Share your dilemmas and get honest opinions from other Mumsnetters.

If money was no object would you leave?

135 replies

Springtime111 · 01/05/2024 11:12

DH and I were discussing a couple we know who are not very happily married. Of course, we don't know the intricacies, and they 'jog along' but chatting between us we wondered if they stay more for the nice house/business etc, as don't really seem to like each other very much from things they say to us, and regularly threatening to leave (but never do)

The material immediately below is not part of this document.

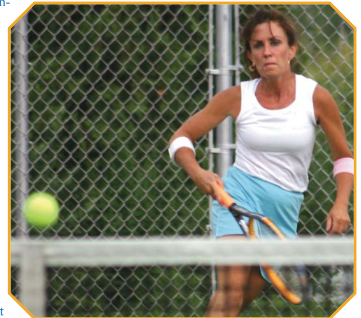
The Metro Milwaukee Adult League was formed in 2007 to offer citywide competitive opportunities for its participants.

It got me wondering how many people would actually leave their spouse if they came into a large sum of money so there's no financial difficulties to encounter going it alone. I'm guessing a lot.

Would you?

OP posts:
RichardsGear · 01/05/2024 15:16

notacooldad · 01/05/2024 13:48

Why would someone in a happy, loving marriage leave?!
Not every one is in a happy or unhappy marriage.
I know quite a few couples over the years that just tick over. They stay out of habit and can't be bothered doing anything about it.

Well it's slightly more relevant then! Your marriage has gone stale and you're not expecially happy, you suddenly come into money which would enable you to set up by yourself, would you leave?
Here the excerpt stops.